Depending on what's "good" for you,
there are some choices:
Running natively on FreeBSD:
https://cgit.freebsd.org/ports/tree/games
As hbsd already pointed out, there are several versions/clones/variations of unix's classic nethack,
even with graphics.
Many like
0ad, a clone of MS' Age of Empires.
Recently I just checked out
minetest, some kind of openworld.
I also played a bit
flare, which is a hack'n'slash kind like Diablo.
For a while I played
endless sky, a 2D space explore, travel, trade, and combat game with lots of very nice fotos (install the high resolution graphics version is a must!)
I took a short peek at the space adventure sim
pioneer, which is quite large, and very complex (too complex for me).
opencity, lincity, or simutrans are also worth a try if you like to build.
There also is a clone of Master of Orion 3 available,
freeorion.
...
There's quite a choice of games available, partially real good ones.
Point is, most don't provide the nice graphics you are used to by big commercial providers,
and some are not what I would call "finished", or "finetuned."

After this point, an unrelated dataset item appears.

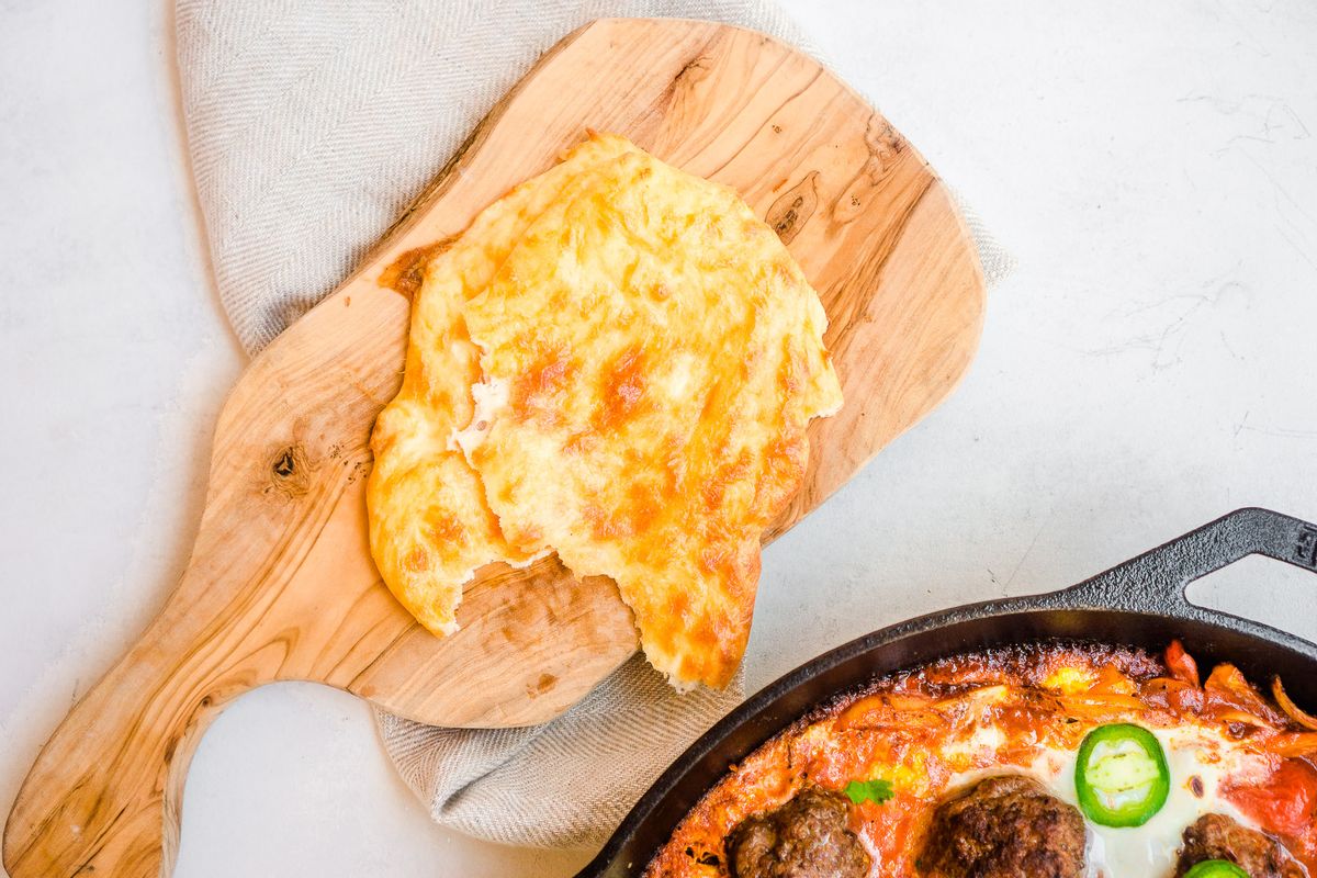 Keto naan bread will be your new favorite way to soak up sauces to any dish. Soft and fluffy, this naan bread is a crowd-pleaser that is very easy to make. Keto Naan dough made with a mixture of shredded Chihuahua cheese, coconut flour, and an egg that is melted in the microwave and then spread on a Silpat. The recipe makes one naan bread, but it can easily be doubled to make more. If increasing batch sizes, it would be best to stick with only doubling the recipe because the finished dough will cool quickly and not spread as easily.

For me also some offer too many options to be set.
I lose myself fumbling with options between "cheating" and "way too hard" instead of playing the game, so losing interest in it quickly.
However:
You have to give some a shot for yourself.
The list were way too long to give even short revisions for each,
which would also be very subjective, of course.
Running not natively on FreeBSD you have more choices:
Using wine, dosbox, or a virtual machine like VirtualBox, you shall be capable to run any software from other systems.
So you shall be able to play any game on FreeBSD.
So far the theory.
In real life there are some strings attached:
Besides you may not observe the smooth running of current 3D games like they were running natively,
you may get some probs to get them even running, especially new games, especially with 3D.
In theory wine would be the best choice to run any Windows software,
but in reality wine is tricky to be set up to have the sw run smoothly.
You may face a lot of "missing library", errors, and other config issues.
winecfg and winetricks may help with some but not all programs.
Better first learn about 32/64bit, WINEPREFIX, and run the sh .386something script the wine installer mentions,
before even bother to try some serious stuff with wine.
For myself I run
factorio under wine (but cannot connect to the website, so no mods but vanilla only), and with larger plants the game slows down like it were running on 10y old hardware.
On the other side I have XP running in VirtualBox to play
Master of Orion 2 (much better than 3), Heroes of Might and Magic 3 (4 & 5 are not running because of 3D issues) and Diablo (1).
Summery:
Best chose old games (>20y).
Proven to be good games, least issues.
Workaround:
Have a second partition/drive/machine just for games,
and play the games natively under Windows.